> **TASK DIRECTIONS**
Write the entries out again in full and unchanged, dropping every image.

Excerpts from a dataset
--------------------------------

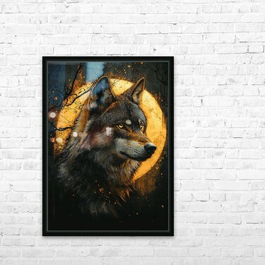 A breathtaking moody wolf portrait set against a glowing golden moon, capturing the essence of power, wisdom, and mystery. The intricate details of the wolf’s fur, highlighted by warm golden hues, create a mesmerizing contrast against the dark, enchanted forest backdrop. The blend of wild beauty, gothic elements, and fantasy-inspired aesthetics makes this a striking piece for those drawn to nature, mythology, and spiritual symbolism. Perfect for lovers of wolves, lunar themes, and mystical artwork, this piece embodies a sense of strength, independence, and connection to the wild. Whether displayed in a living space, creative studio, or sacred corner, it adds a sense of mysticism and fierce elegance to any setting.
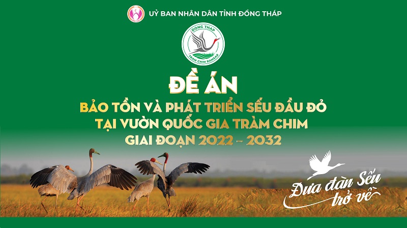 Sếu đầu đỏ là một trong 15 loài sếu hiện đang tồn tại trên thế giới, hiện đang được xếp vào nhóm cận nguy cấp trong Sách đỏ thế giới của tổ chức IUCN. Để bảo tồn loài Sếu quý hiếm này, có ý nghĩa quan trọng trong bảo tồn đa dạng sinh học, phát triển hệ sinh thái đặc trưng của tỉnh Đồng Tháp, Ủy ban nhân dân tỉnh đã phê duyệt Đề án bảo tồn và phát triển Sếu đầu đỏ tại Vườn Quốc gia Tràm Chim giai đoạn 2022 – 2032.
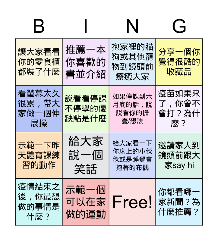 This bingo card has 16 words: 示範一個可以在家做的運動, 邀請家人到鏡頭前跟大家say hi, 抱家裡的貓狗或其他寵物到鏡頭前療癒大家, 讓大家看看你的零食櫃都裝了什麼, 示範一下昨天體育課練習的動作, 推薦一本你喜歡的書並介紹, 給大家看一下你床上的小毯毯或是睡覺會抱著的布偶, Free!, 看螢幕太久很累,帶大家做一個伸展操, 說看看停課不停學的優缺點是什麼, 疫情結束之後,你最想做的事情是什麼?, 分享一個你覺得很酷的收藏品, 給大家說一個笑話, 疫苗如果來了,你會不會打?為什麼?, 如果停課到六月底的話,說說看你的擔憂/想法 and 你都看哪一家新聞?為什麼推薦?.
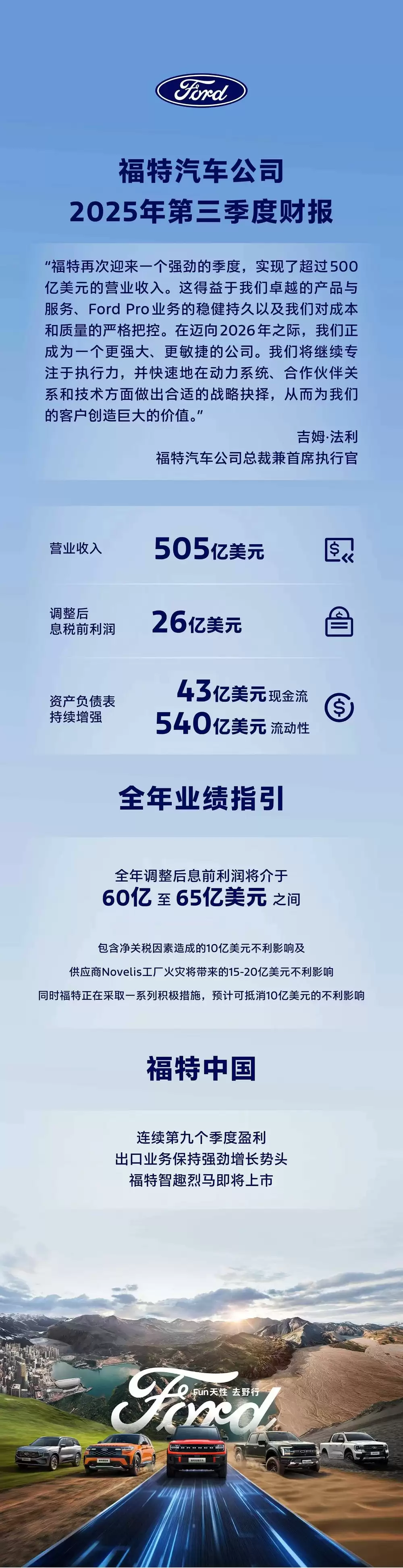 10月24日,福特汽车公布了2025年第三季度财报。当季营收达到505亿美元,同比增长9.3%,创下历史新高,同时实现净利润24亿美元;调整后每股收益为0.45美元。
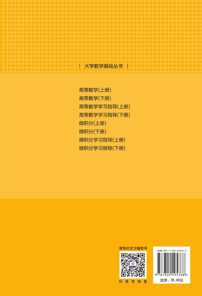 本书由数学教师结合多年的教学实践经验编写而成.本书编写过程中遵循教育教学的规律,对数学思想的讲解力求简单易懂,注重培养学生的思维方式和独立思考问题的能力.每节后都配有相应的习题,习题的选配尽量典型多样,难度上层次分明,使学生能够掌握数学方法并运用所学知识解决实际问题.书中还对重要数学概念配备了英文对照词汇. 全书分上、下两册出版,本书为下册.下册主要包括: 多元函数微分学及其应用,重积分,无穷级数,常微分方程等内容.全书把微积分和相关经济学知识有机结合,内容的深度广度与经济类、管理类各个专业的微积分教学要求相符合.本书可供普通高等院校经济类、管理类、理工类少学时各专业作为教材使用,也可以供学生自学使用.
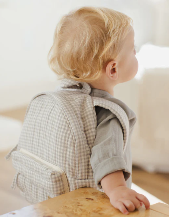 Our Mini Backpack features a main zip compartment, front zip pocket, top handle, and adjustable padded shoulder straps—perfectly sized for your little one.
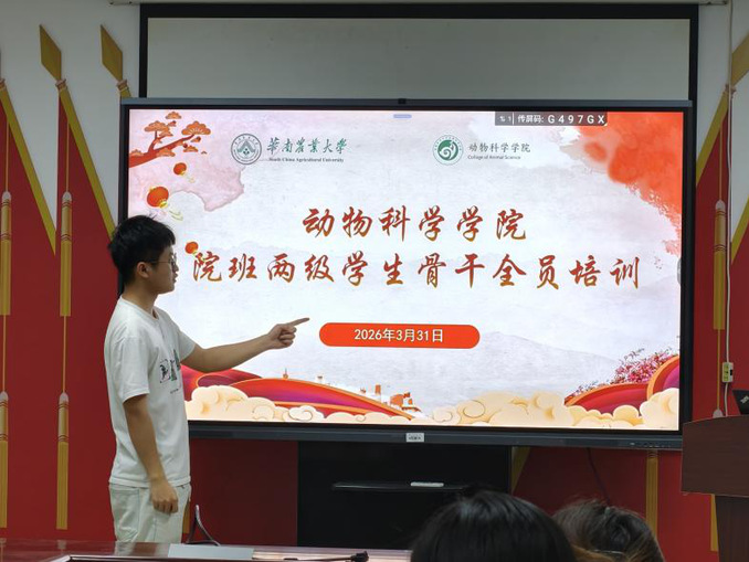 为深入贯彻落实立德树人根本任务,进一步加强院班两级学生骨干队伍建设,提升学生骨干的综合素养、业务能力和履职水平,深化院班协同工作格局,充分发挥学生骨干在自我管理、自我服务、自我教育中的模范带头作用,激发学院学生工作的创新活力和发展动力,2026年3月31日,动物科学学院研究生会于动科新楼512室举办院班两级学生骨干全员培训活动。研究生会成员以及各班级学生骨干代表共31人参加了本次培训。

--------------------------------

> **OUTPUT OF THE EXERCISE**
 A breathtaking moody wolf portrait set against a glowing golden moon, capturing the essence of power, wisdom, and mystery. The intricate details of the wolf’s fur, highlighted by warm golden hues, create a mesmerizing contrast against the dark, enchanted forest backdrop. The blend of wild beauty, gothic elements, and fantasy-inspired aesthetics makes this a striking piece for those drawn to nature, mythology, and spiritual symbolism. Perfect for lovers of wolves, lunar themes, and mystical artwork, this piece embodies a sense of strength, independence, and connection to the wild. Whether displayed in a living space, creative studio, or sacred corner, it adds a sense of mysticism and fierce elegance to any setting.
 Sếu đầu đỏ là một trong 15 loài sếu hiện đang tồn tại trên thế giới, hiện đang được xếp vào nhóm cận nguy cấp trong Sách đỏ thế giới của tổ chức IUCN. Để bảo tồn loài Sếu quý hiếm này, có ý nghĩa quan trọng trong bảo tồn đa dạng sinh học, phát triển hệ sinh thái đặc trưng của tỉnh Đồng Tháp, Ủy ban nhân dân tỉnh đã phê duyệt Đề án bảo tồn và phát triển Sếu đầu đỏ tại Vườn Quốc gia Tràm Chim giai đoạn 2022 – 2032.
 This bingo card has 16 words: 示範一個可以在家做的運動, 邀請家人到鏡頭前跟大家say hi, 抱家裡的貓狗或其他寵物到鏡頭前療癒大家, 讓大家看看你的零食櫃都裝了什麼, 示範一下昨天體育課練習的動作, 推薦一本你喜歡的書並介紹, 給大家看一下你床上的小毯毯或是睡覺會抱著的布偶, Free!, 看螢幕太久很累,帶大家做一個伸展操, 說看看停課不停學的優缺點是什麼, 疫情結束之後,你最想做的事情是什麼?, 分享一個你覺得很酷的收藏品, 給大家說一個笑話, 疫苗如果來了,你會不會打?為什麼?, 如果停課到六月底的話,說說看你的擔憂/想法 and 你都看哪一家新聞?為什麼推薦?.
 10月24日,福特汽车公布了2025年第三季度财报。当季营收达到505亿美元,同比增长9.3%,创下历史新高,同时实现净利润24亿美元;调整后每股收益为0.45美元。
 本书由数学教师结合多年的教学实践经验编写而成.本书编写过程中遵循教育教学的规律,对数学思想的讲解力求简单易懂,注重培养学生的思维方式和独立思考问题的能力.每节后都配有相应的习题,习题的选配尽量典型多样,难度上层次分明,使学生能够掌握数学方法并运用所学知识解决实际问题.书中还对重要数学概念配备了英文对照词汇. 全书分上、下两册出版,本书为下册.下册主要包括: 多元函数微分学及其应用,重积分,无穷级数,常微分方程等内容.全书把微积分和相关经济学知识有机结合,内容的深度广度与经济类、管理类各个专业的微积分教学要求相符合.本书可供普通高等院校经济类、管理类、理工类少学时各专业作为教材使用,也可以供学生自学使用.
 Our Mini Backpack features a main zip compartment, front zip pocket, top handle, and adjustable padded shoulder straps—perfectly sized for your little one.
 为深入贯彻落实立德树人根本任务,进一步加强院班两级学生骨干队伍建设,提升学生骨干的综合素养、业务能力和履职水平,深化院班协同工作格局,充分发挥学生骨干在自我管理、自我服务、自我教育中的模范带头作用,激发学院学生工作的创新活力和发展动力,2026年3月31日,动物科学学院研究生会于动科新楼512室举办院班两级学生骨干全员培训活动。研究生会成员以及各班级学生骨干代表共31人参加了本次培训。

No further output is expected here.